Next-Generation Sequencing (NGS) Diagnostics Market - Strategic Insights and Forecasts (2026-2031)

The Next-Generation Sequencing (NGS) Diagnostics Market is forecast to reach USD 44.8 billion by 2031, growing from USD 24.0 billion in 2026. This represents a robust Compound Annual Growth Rate (CAGR) of 13.3% over the forecast period, as detailed in the "Next-generation Sequencing (NGS) Diagnostics Market - Strategic Insights and Forecasts (2026-2031)" report.

The market is primarily driven by the increasing demand for thorough tumour profiling in oncology, expanding hereditary disease screening for rare genetic conditions, and the integration of NGS into infectious pathogen surveillance programs. NGS also plays a role in screening during pregnancy, collectively enhancing precision diagnostics across these critical applications.

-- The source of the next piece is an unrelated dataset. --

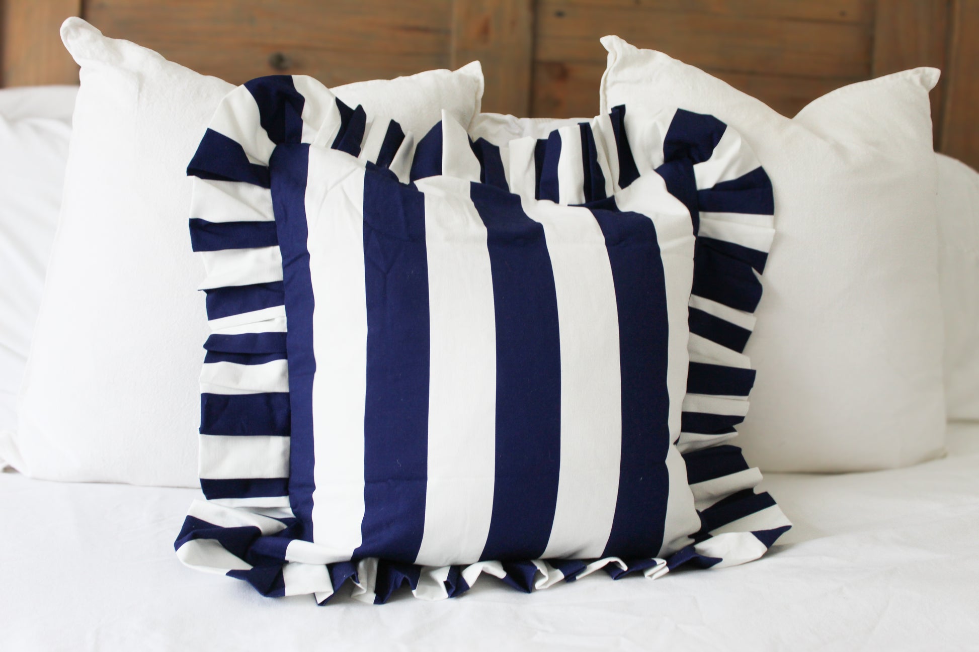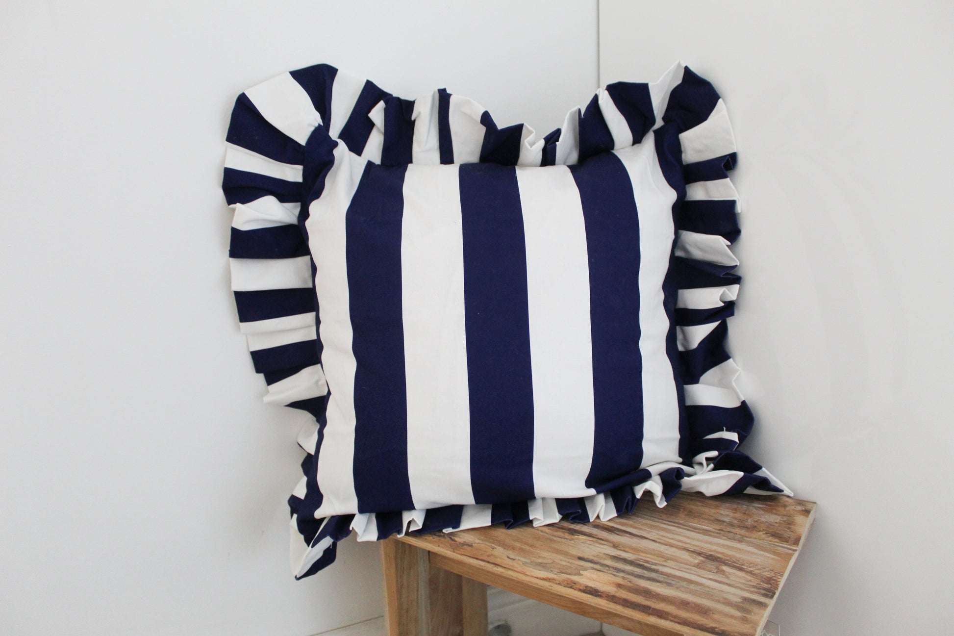 Ruffle navy stripe cotton cushion with duck feather inset 45x45cm

Key drivers include the rising incidence of cancer and hereditary diseases, which increases the demand for comprehensive genomic information to inform diagnosis and treatment. Strategic trends also involve the establishment of regulatory frameworks by agencies like the FDA and WHO, alongside significant technological advances in bioinformatics and data analysis tools.

Public health agencies and regulators, such as the U.S. FDA, are establishing frameworks and guidelines for the oversight of genomic tests and software to ensure their analytical validity and clinical utility. The World Health Organization (WHO) is also collaborating with public health bodies to advance genomic surveillance for infectious diseases and monitor antimicrobial resistance.

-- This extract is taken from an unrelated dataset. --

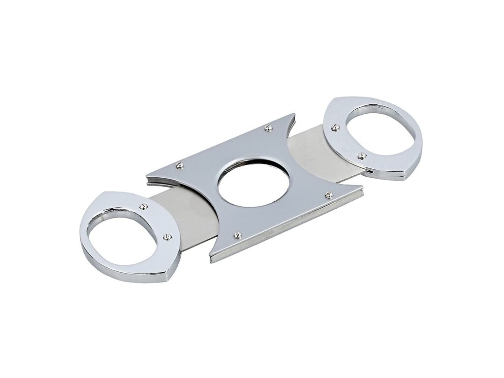 Dvoubřitý doutníkový ořezávač Angelo. Celokovový ořezávač na doutníky s povrchem kombinující stříbrné tělo a ostatní části v lesklém chromu zdobený kovovými "nýty". Ostré břity zajistí rychlý a čistý ořez vašeho doutníku. Ořezávač je dodávaný v dárkové krabičce. Délka 8,7cm.Max. průměr otvoru pro doutník: 20 mm

The report emphasizes significant technological advances in bioinformatics and data analysis as crucial for the market's future. This includes the availability of more sophisticated analytical software and artificial intelligence tools, which are essential for efficiently processing, analyzing, and interpreting the vast amounts of genomic data generated by NGS platforms.

The report highlights NGS as a key technology for precision diagnostics due to its ability to assess many genes simultaneously, solidifying genomics' role in everyday oncology practice through widespread tumour profiling. It also details improved preventive strategies via hereditary disease screening and more efficient infectious disease outbreak tracking, all supported by evolving regulatory frameworks for integration into precision medicine.